Уже много времени. Чернильные пятна легли на незаправленную кровать, на стоящий посреди комнаты эмалированный таз... Стол, стулья, старенькая ширма, коробок спичек на печной заслонке проступают в сгустившихся сумерках странными, едва узнаваемыми предметами.
- Чего это ты? Лучше б помог. У кого праздник как праздник...
Дверь в комнаты плотно прикрыта, оттого голос слышится глухим и тусклым.
Маленькое, единственное на две комнатки окошко замерзло, замерз и узкий подоконник с цветочным горшком, обернутым атласной журнальной бумагой. Бумага краем отклеилась, липнет к мокрому ржавому блюдцу.
- Пригляди-ка за газом! Вода, вон, побежала.
Упала, загремела крышка.
- Босиком?! Тапочки одень!
- Ну-у...
За окном мягкими хлопьями падал снег. Запушил толстую шпагатную веревку, кормушку с кусками хлеба, жестяной водосточный желоб, накрыл неловким рыхлым сугробом горбатые кирпичные углы по бокам асфальтовой дорожки, почтовые ящики, дверные ручки и фамилии, фамилии, фамилии...

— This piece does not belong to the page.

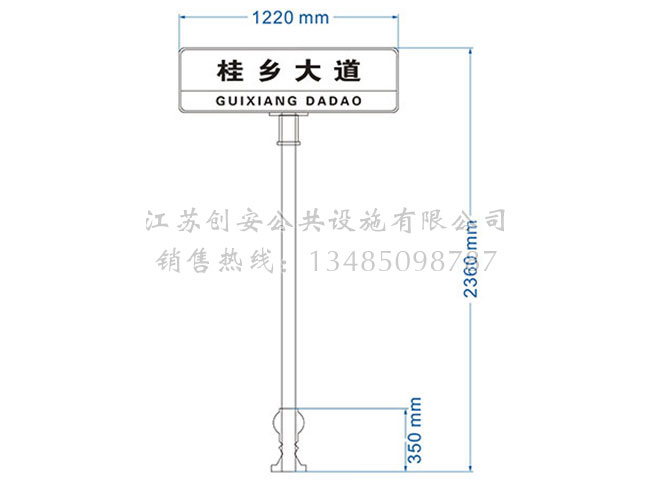 此款路名牌LMP-05主體采用鍍鋅鋼結構,表面采用氟碳金屬烤漆工藝,視窗面板采用鋼化玻璃,燈箱內置LED燈。具有外形美觀、表面耐腐蝕、抗風性能強、使用壽命長等優(yōu)點。產(chǎn)品的樣式、尺寸、顏色、材質、配置等均可按需定制。
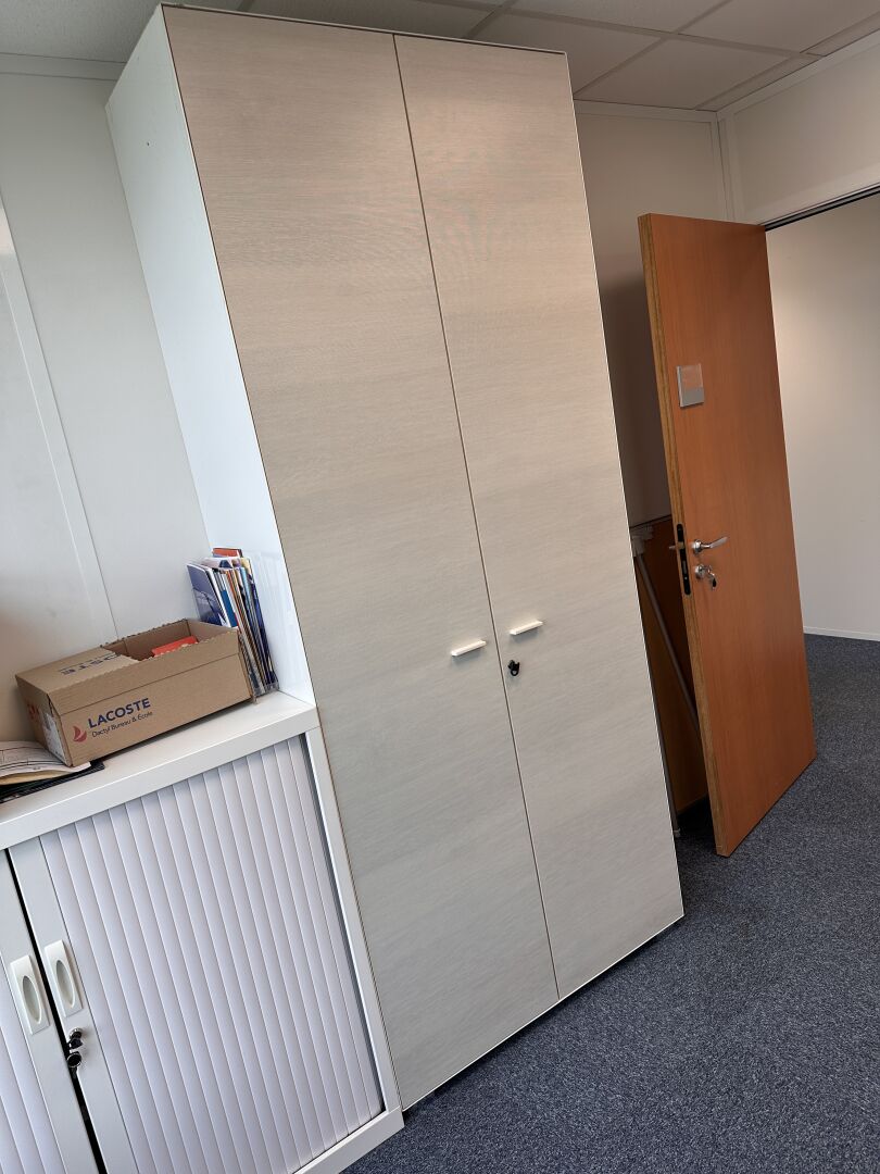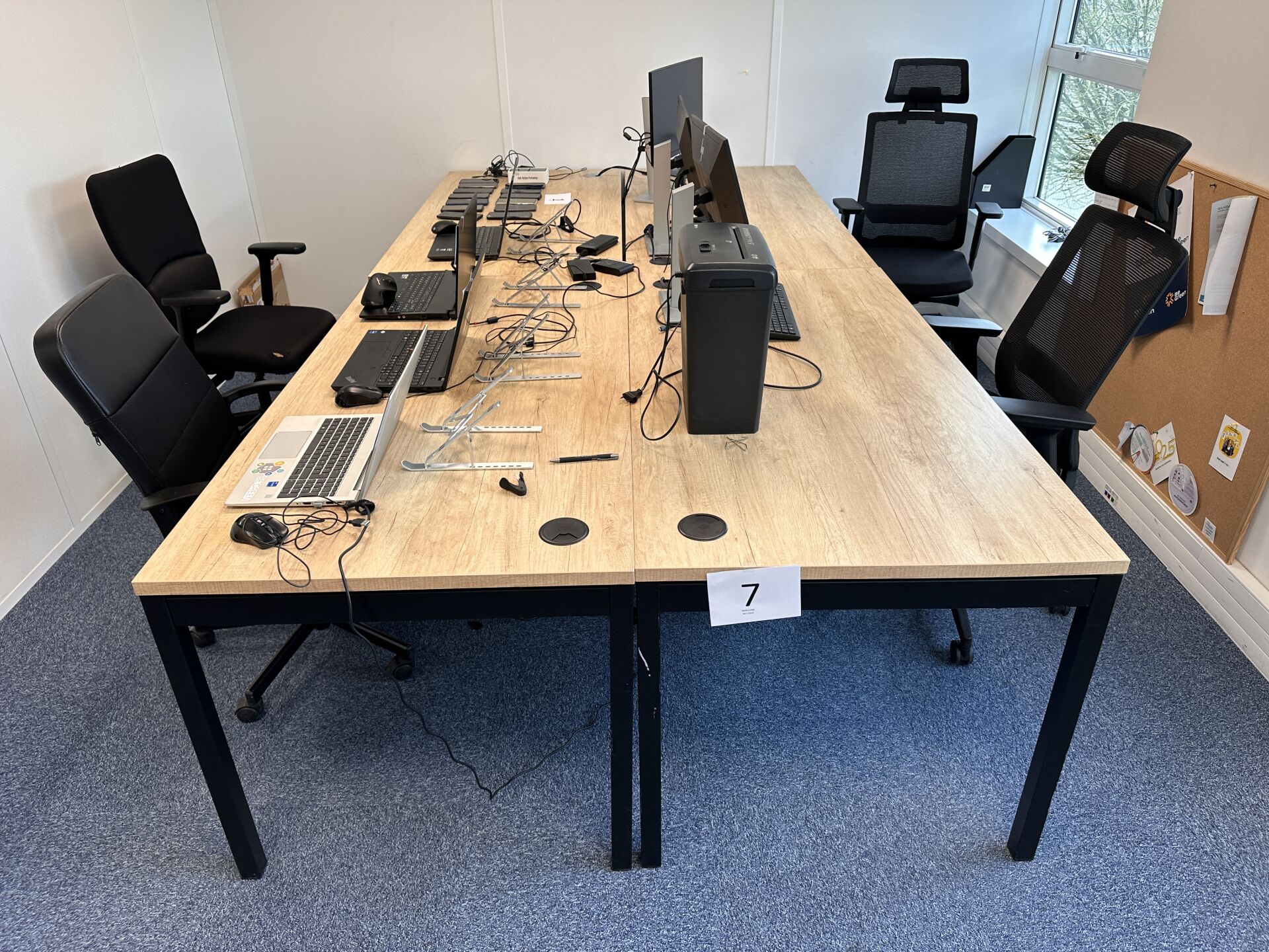 4 tables piètement métal noir, plateau en mélaminé bois, l'un assis-debout électrique (160 x 80 cm) 4 fauteuils dactylo différents modèles Porte-manteau en métal blanc Meuble métallique blanc à rideaux (120 x 45 x 105 cm) Armoire en métal et mélaminé blanc à 2 portes (100 x 45 x 238 cm) avec petites fournitures de bureau 2 caissons mobiles en métal blanc 2 tiroirs 1 paper board

- А я на чердаке иконку нашел. Маленькая. С разбитым стеклом. А цветочки белые по бокам - помяты. И на щеке слеза нарисована. Как листик.
- Так чердак забит?!.
- А я дощечку вынул.
- И чего?
- Просто.
На втором этаже загорелось окно с яркой, разноцветной ел¬кой. Синие, красные, желтые блики заиграли на длинных тонких сосульках, на обледенелом снеговике, на сплющенном ведре с поломанной проволочной дужкой.
Звякнула замерзшая калитка во дворе.
- Апельсином пахнет.
- Праздник... А чего тебе далась икона?
- Так.
Краешек вечернего мутного неба еще виден между черепичным скатом крыши и голой веткой акации, в узорном замерзшем окне кажется каким-то ненастоящим, игрушечным.
- Тебе еще на работу. И стирка.
- Чего, уж, деньги отдадены... А ты все к стеклу жмешься?!. Холодное. Простынешь!
- Ма. А почему он плачет?
- Кто?
- Бог на иконке.
- Ну... Нарисовали так.
- А вдруг и нас кто нарисовал? Потому мы так и живем...
- Господи...
А снег все падал крупными белыми хлопьями. И уже не было ни дома, ни дырявой подворотни, ни замерзшей рубахи на бельевой веревке. Уже не было старого фонаря и черной нитки сточной канавы. Не было ничего, кроме белого-белого снега.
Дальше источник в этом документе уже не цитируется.